Labor Day M&M Cookies
- 3/4 cup Butter, softened
- 3/4 cup Brown sugar
- 1/4 cup Sugar
- 1 Egg
- 2 tsp. Vanilla
- 2 cups Flour
- 2 tsp. Cornstarch
- 1 tsp. Baking soda
- 1/4 tsp. Salt
- 1 1/2 cups Milk chocolate patriotic m&m candies, divided 11 oz. bag; reserve ¼ cup to decorate the top after baking; choose m&m colors based on holiday theme
- In a bowl attached to stand mixer or using an electric hand mixer, beat the butter, brown sugar, and sugar on medium speed until light and fluffy, about 2 minutes. Add the egg and vanilla, beating until combined, another 2 minutes.
- In a separate bowl, combine the flour, cornstarch, baking soda, and salt. Add the dry mixture to the wet ingredients. Mix just until combined. Fold in the m&m’s using a spatula, remembering to save 1/4 cup for the end after the cookies have baked.
- Create 1 or 2 tablespoon sized cookie dough balls. Flatten each slightly. Cover with plastic wrap and refrigerate 2 hours (or up to 72 hours). (The longer the better but if you’re in a pinch put them in the freezer for 30 minutes; they just need to be chilled. You can bake without chilling, but the warm dough will cause the cookies to spread).

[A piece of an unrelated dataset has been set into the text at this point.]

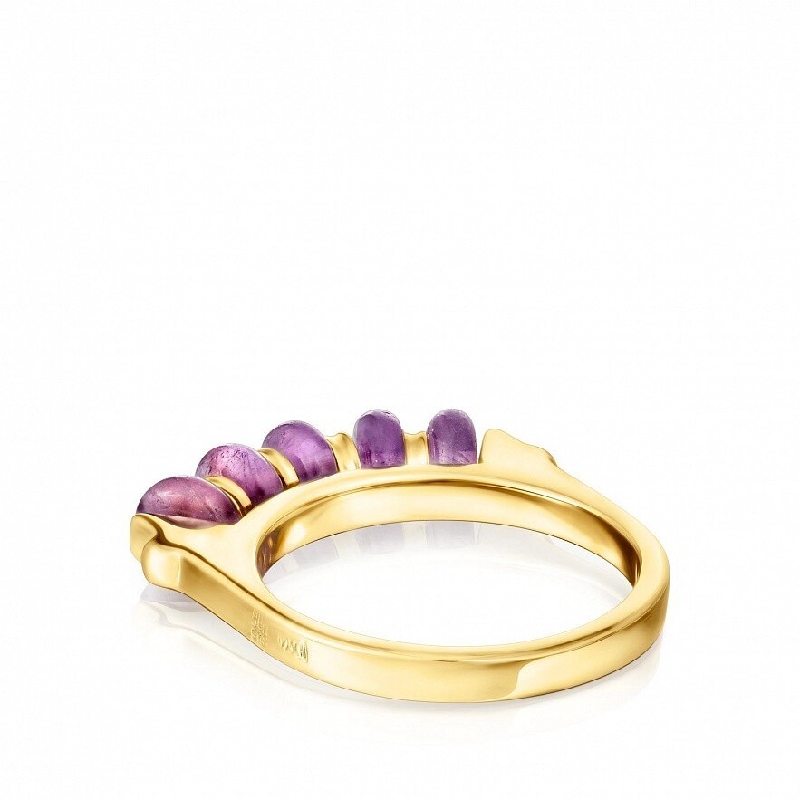 Кольцо TOUS Virtual Garden из серебра 925 пробы с покрытием Vermeil , имитирующим структуру гусеницы, с аметистами. Ширина камней: 5 мм. Ширина кольца: 3 мм. Толщина кольца: 1,5 мм. Vermeil : серебро с покрытием золота 18 карат.

- Preheat oven to 350F degrees. Place dough evenly on parchment lined cookie sheets. Bake for 8-10 minutes, until edges have set and tops are just beginning to set. Do not bake longer than 10 minutes (even though you may not believe they’re done). They will firm as they cool. Top cookies while still warm with reserved m&m’s. Allow to cool for 3 minutes on baking sheets before transferring to wire rack to cool completely.